昔から同世代のものに対して特別な思いがあった。自分が過ごしてきた時間の長さを知っているから、同じ時間を共有したものに、それだけで特別な関係が生じているような気がする。

さて、車や楽器、カメラといった、趣味性が強く、さらに自分にとっての"相棒"となり得る存在を、自分と同い年のものにしたいという感覚は、割と多くの人々の中に存在しているように感じる。

自分と同い年の相棒を手に入れることは、それだけで人生にとって特筆すべきストーリーとなる。機械は時間が経ち、ビンテージと呼ばれる年式になれば入手が困難になってしまうため、できるだけ人生の相棒は早めに買っておきたい。

この春、新しくバイクを買う機会が訪れた。中古バイク屋で出会った1998年式のスズキ・ボルティーだ。

光り輝くメッキパーツが眩しい

完全な同い年では無かったが、1999年生まれの私と一歳違い。25年前のバイクにしては驚くほどに綺麗で、店に入荷したばかりだと言う。
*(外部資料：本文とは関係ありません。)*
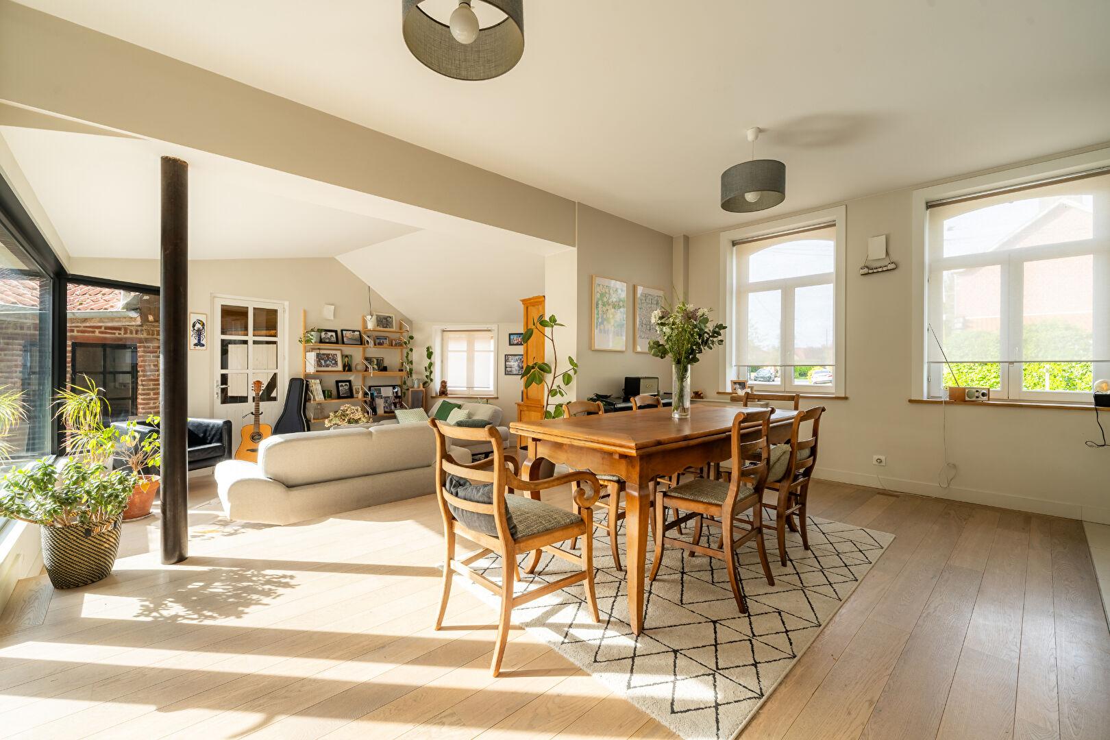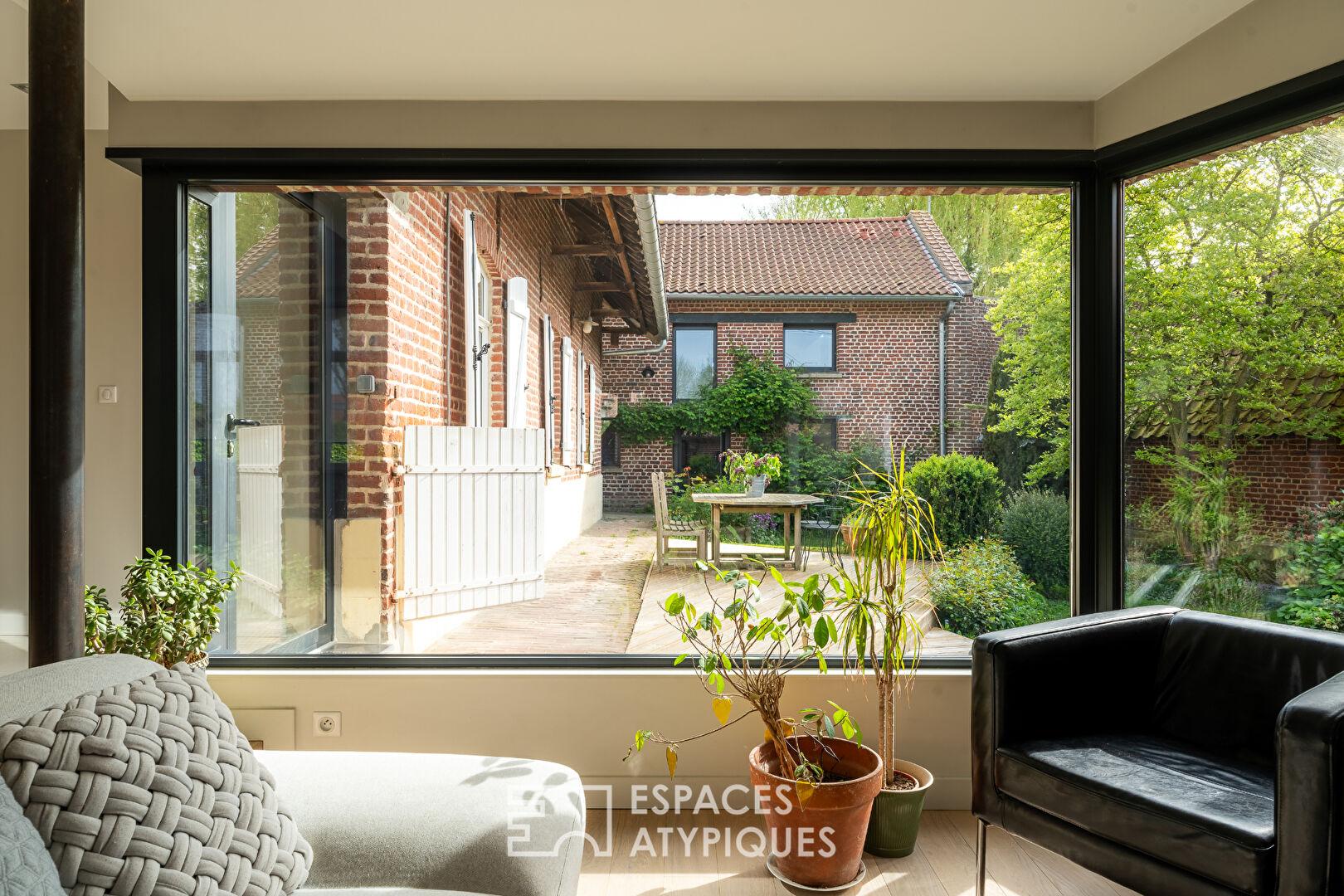 Au cœur d’un hameau des Weppes, à deux pas de Beaucamps-Ligny, cette ferme au carré de 330 m², rénovée par un architecte, offre un cadre de vie bucolique où l’on se sent immédiatement ailleurs.

タイプTという特別仕様車で、現在では中古市場でもあまり見かけないモデルだ。高校時代から憧れていたボルティー。直感的に自分の相棒だと感じた。

タイプTは通常仕様と違い、リアキャリアやロングシートによって、よりクラシカルかつ、ブリティッシュバイク的な存在感を纏っている。それでいて童夢によるキュートな曲線美のデザインは健在だ。

タイプTの初期型にのみ装着される特別なエンブレム

免許を取ってから初の250ccクラス。今まで乗っていた125ccのホンダ・グロムと比べ、より自分が"バイクに乗っている"という感覚が強くなる。それでいて足つきは良好。タイヤサイズが大幅に大きくなったことにより、ハンドルのヘビーさを感じるものの、走り出すとそれが安定感を生み出す。

前オーナーによりタコメーターが追加されている。スポーティな印象のハンドル周り。

80年代にリリースされたDR250Sからの流れを汲む単気筒エンジンは、驚くほど軽やかに加速していく。ミッションも非常にスムーズ。5速ミッションはかなり加速に振ったギア比ではあるものの、キャンプなどで大きい荷物を載せることや、下道での運用がほとんどであることを考えるとちょうどいいバランスだろう。

古いワイヤースポークのチューブタイヤ。キャブレターエンジン。燃料計の無いシンプルなメーター。現代のバイクと比べ、あまりに古臭く不便なバイク。状態はいいが、所々に錆や経年劣化が見られる。しかしながらそれが生産から25年という時間を感じさせ、むしろ勲章のように輝く。自分と(ほぼ)同い年の新しい相棒との冒険がこれから始まる。